Many Danes remember his signature end to every report: "Ib Rehné, Cairo". Without intending to ridicule Ib Rehné, these three words have come to represent a kind of absurd humor. Among other places, there are cafes in Aalborg, Denmark and Sønderborg, Denmark called "Ib Rehné, Cairo". The coffee shop in Aalborg is actually named "Ib Rene, Cairo". It does not have the "h" as the owner of the cafe at the time had not asked Ib Rehne whether she could call the cafe by his name. His Cairo posting came after a short stint in Beirut in 1974 where he set up DR bureau in the Manarah district. The outbreak of the Lebanese civil war made reporting unsafe so he moved to Egypt where he could continue to cover and report on the Middle East story. During the sixties he reported from Yemen where he spoke of a great character he had befriended and who left a huge impression on him named Ali Conde (a European who settled and adopted Yemeni culture and introduced the publishing of colourful Yemeni stamps to generate income for the, then impoverished state). In 1966 and 1967, in Jordan and the West Bank, Ib produced in-depth radio features and radio documentaries and enjoyed access to official and opposition sources made easy by the neutral stance of DR. He reported on the Samu Incident when Israel launched a punitive attack prior to June 67 and reported extensively on the Six Day War from the Jordanian side. He recorded the plight of the 1967 refugees as they crossed the destroyed Allenby Bridge to escape the recently occupied West Bank. Ib's reports were distinguished by their professionalism, fairness and balance. He used sound in ways that stretched the boundaries of radio journalism.

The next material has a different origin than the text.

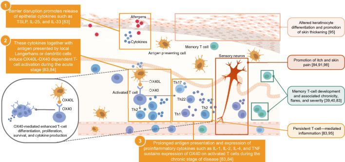 雖然目前對(duì)特應(yīng)性皮炎(AD)的具體情況知之甚少,但OX40可能在特應(yīng)性皮炎(AD)發(fā)展的幾個(gè)階段都很重要。在特應(yīng)性皮炎(AD)的急性期,OX40信號(hào)可能參與了Th2型 T細(xì)胞驅(qū)動(dòng)的炎癥,放大了皮膚屏障的破壞和瘙癢等癥狀的發(fā)展。在早期發(fā)病過(guò)程中,朗格漢斯細(xì)胞和炎性樹突狀表皮細(xì)胞識(shí)別通過(guò)被破壞的表皮屏障穿透皮膚的外來(lái)抗原,隨后啟動(dòng)Th2細(xì)胞。屏障破壞的角質(zhì)形成細(xì)胞也可以產(chǎn)生細(xì)胞因子,如胸腺基質(zhì)淋巴生成素(TSLP)、IL-25和IL-33。由于這些分子已被證明可以刺激APC表達(dá)OX40L,這可以通過(guò)增強(qiáng)傳遞給T細(xì)胞的OX40信號(hào)來(lái)進(jìn)一步增強(qiáng)T細(xì)胞的擴(kuò)增和分化。同樣,OX40L也被發(fā)現(xiàn)可以誘導(dǎo)ILC2,而ILC2也受這些先天細(xì)胞因子的調(diào)節(jié),ILC2和T細(xì)胞之間涉及OX40L和OX40的相互作用也可能有助于Th2細(xì)胞的初始啟動(dòng)。激活的Th2細(xì)胞上調(diào)IL-14、IL-13和IL-31的產(chǎn)生,進(jìn)而通過(guò)抑制屏障相關(guān)基因(如角化細(xì)胞終末分化基因聚絲蛋白)的表達(dá)破壞表皮屏障功能,促進(jìn)表皮增生。IL-4和IL-13結(jié)合在T細(xì)胞、B細(xì)胞、巨噬細(xì)胞和其他免疫細(xì)胞上表達(dá)的IL-4Rα,促進(jìn)炎癥和免疫球蛋白E類轉(zhuǎn)換。感覺(jué)神經(jīng)元表達(dá)皮膚細(xì)胞和免疫細(xì)胞釋放的各種細(xì)胞因子的受體,包括IL-4、IL-13、IL-31和TSLP,將瘙癢和疼痛信號(hào)傳遞到中樞神經(jīng)系統(tǒng),引起特應(yīng)性瘙癢、疼痛和抓撓。

Before deployment in the Middle East, he was a correspondent in Japan in 1970. He has also been a correspondent for the newspapers Berlingske Tidende, Weekendavisen, and state run Danmark TV 2.

Ib had enjoyed the loyalty and friendships of journalists and people in the Middle East, however, his most loyal companion was his Nagra Recorder, with which recorded various sounds and effects, and his Rolleiflex Camera.

He was a member of the Radio Council 1975-78 and has written a few books in Danish.

Ib Rehné spent his last years in Burgundy, France.